FAQ
Hi,
I am trying to access distributed cache in my custom output format but it
does not work and file open in custom output format fails with file does not
exist even though it physically does.

Looks like distributed cache only works for Mappers and Reducers ?

Is there a way I can read Distributed Cache in my custom output format ?

Thanks,
-JJ

Search Discussions

  • Mapred Learn at Jul 29, 2011 at 5:57 pm
    i m trying to access file that I sent as -files option in my hadoop jar
    command.

    in my outputformat,
    I am doing something like:

    Path[] cacheFiles = DistributedCache.getLocalCacheFiles(conf);

    String file1="";
    String file2="";
    Path pt=null;

    for (Path p : cacheFiles) {

    if (p != null) {
    if (p.getName().endsWith(".ryp")) {
    file1 = p.getName();
    } else if (p.getName().endsWith(".cpt")) {
    file2 = p.getName();
    pt=p;
    }

    }

    }

    // then read the file, which gives file does not exist exception:

    Path pat = new Path(file2);

    BufferedReader reader = null;
    try {
    FileSystem fs = FileSystem.get(conf);
    reader=new BufferedReader(
    new InputStreamReader(fs.open(pat)));


    String line = null;
    while ((line = reader.readLine()) != null) {
    System.out.println("Now parsing the line: " + line);


    }
    } catch (Exception e) {
    System.out.println("exception" + e.getMessage());
    }
    On Fri, Jul 29, 2011 at 10:50 AM, Alejandro Abdelnur wrote:

    Where are you getting the error, in the client submitting the job or in the
    MR tasks?

    Are you trying to access a file or trying to set a JAR in the
    DistributedCache?
    How/when are you adding the file/JAR to the DC?
    How are you retrieving the file/JAR from your outputformat code?

    Thxs.

    Alejandro

    On Fri, Jul 29, 2011 at 10:43 AM, Mapred Learn wrote:

    I am trying to create a custom text outputformat where I want to access a
    distirbuted cache file.


    On Fri, Jul 29, 2011 at 10:42 AM, Harsh J wrote:

    Mapred,

    By outputformat, do you mean the frontend, submit-time run of
    OutputFormat? Then no, it cannot access the distributed cache cause
    its not really setup at that point, and the front end doesn't need the
    distributed cache really when it can access those files directly.

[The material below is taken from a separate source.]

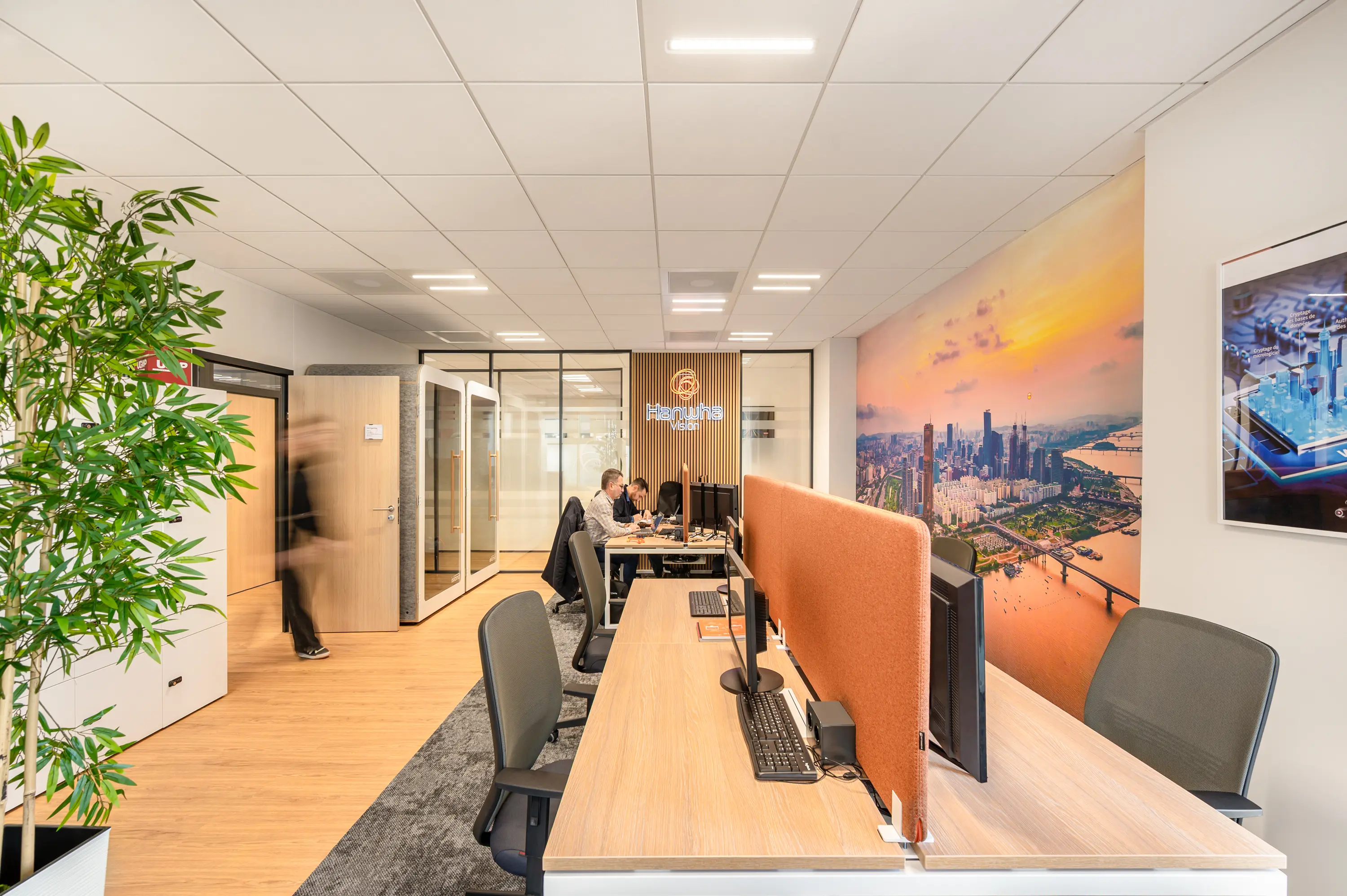 Les bureaux accueillent un accueil avec espace détente et cuisine, un open space collaboratif, un bureau de direction, une salle de réunion modulaire, un bureau tech et un laboratoire technique pour les tests et démonstrations. Une salle de formation complète le dispositif, permettant à Hanwha Vision de former ses partenaires directement sur site.

    Could you describe slightly deeper on what you're attempting to do?

    On Fri, Jul 29, 2011 at 10:57 PM, Mapred Learn <mapred.learn@gmail.com>
    wrote:
    Hi,
    I am trying to access distributed cache in my custom output format but it
    does not work and file open in custom output format fails with file does not
    exist even though it physically does.

    Looks like distributed cache only works for Mappers and Reducers ?

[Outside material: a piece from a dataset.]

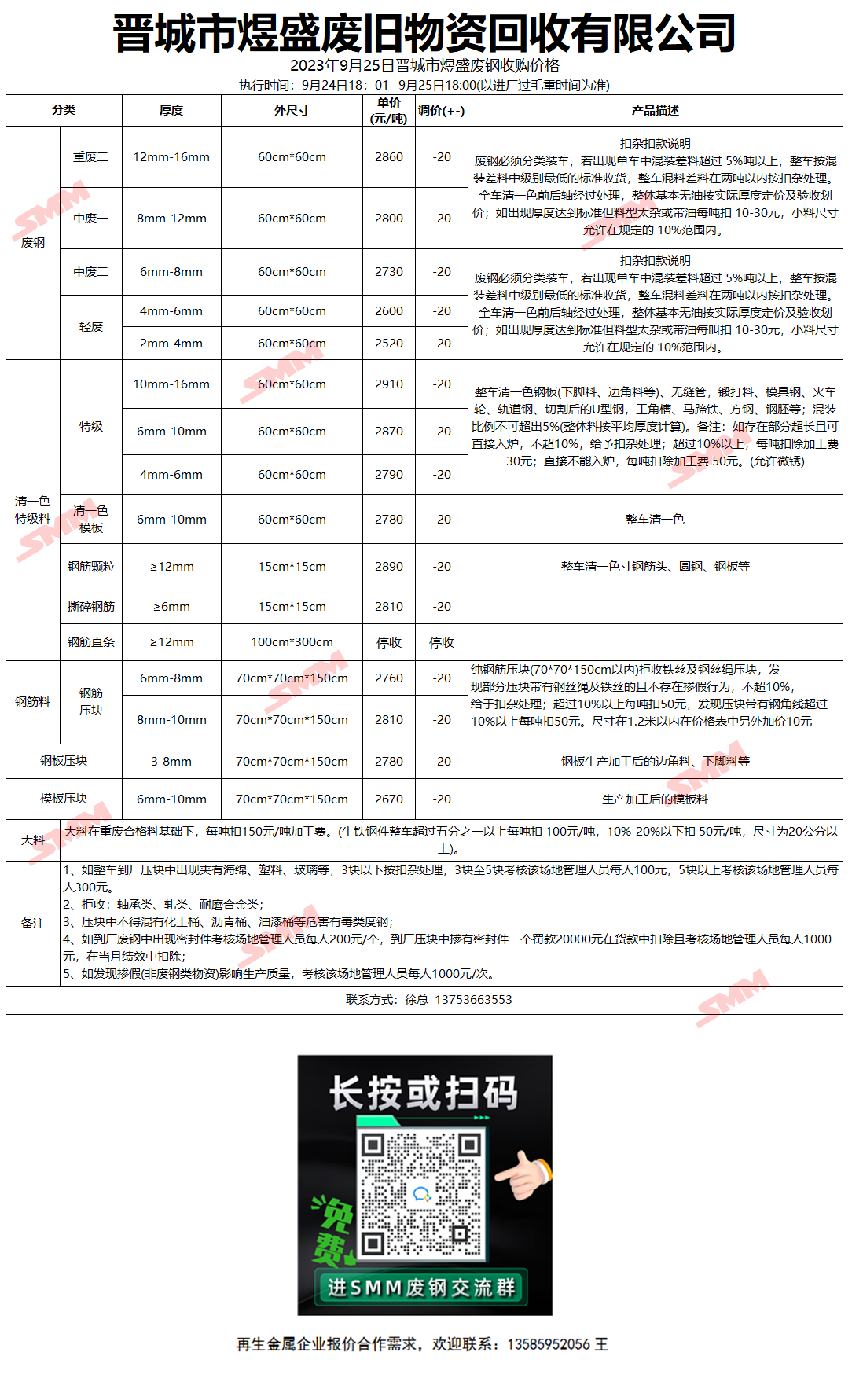 今日晋城市煜盛 废钢收购报价已更新,有货的朋友欢迎联系我们!

    Is there a way I can read Distributed Cache in my custom output format ?
    Thanks,
    -JJ


    --
    Harsh J
  • Alejandro Abdelnur at Jul 29, 2011 at 6:15 pm
    Mmmh, I've never used the -files option (I don't know if it will copy the
    files to HDFS for your or you have to put them there first).

    My usage pattern of the DC is copying the files to HDFS, then use the DC API
    to add those files to the jobconf.

    Alejandro
    On Fri, Jul 29, 2011 at 10:56 AM, Mapred Learn wrote:

    i m trying to access file that I sent as -files option in my hadoop jar
    command.

    in my outputformat,
    I am doing something like:

    Path[] cacheFiles = DistributedCache.getLocalCacheFiles(conf);

    String file1="";
    String file2="";
    Path pt=null;

    for (Path p : cacheFiles) {

    if (p != null) {
    if (p.getName().endsWith(".ryp")) {
    file1 = p.getName();
    } else if (p.getName().endsWith(".cpt")) {
    file2 = p.getName();
    pt=p;
    }

    }

    }

    // then read the file, which gives file does not exist exception:

    Path pat = new Path(file2);

    BufferedReader reader = null;
    try {
    FileSystem fs = FileSystem.get(conf);
    reader=new BufferedReader(
    new InputStreamReader(fs.open(pat)));


    String line = null;
    while ((line = reader.readLine()) != null) {
    System.out.println("Now parsing the line: " + line);


    }
    } catch (Exception e) {
    System.out.println("exception" + e.getMessage());

    }
    On Fri, Jul 29, 2011 at 10:50 AM, Alejandro Abdelnur wrote:

    Where are you getting the error, in the client submitting the job or in
    the MR tasks?

    Are you trying to access a file or trying to set a JAR in the
    DistributedCache?
    How/when are you adding the file/JAR to the DC?
    How are you retrieving the file/JAR from your outputformat code?

    Thxs.

    Alejandro

    On Fri, Jul 29, 2011 at 10:43 AM, Mapred Learn wrote:

    I am trying to create a custom text outputformat where I want to access a
    distirbuted cache file.


    On Fri, Jul 29, 2011 at 10:42 AM, Harsh J wrote:

    Mapred,

    By outputformat, do you mean the frontend, submit-time run of
    OutputFormat? Then no, it cannot access the distributed cache cause
    its not really setup at that point, and the front end doesn't need the
    distributed cache really when it can access those files directly.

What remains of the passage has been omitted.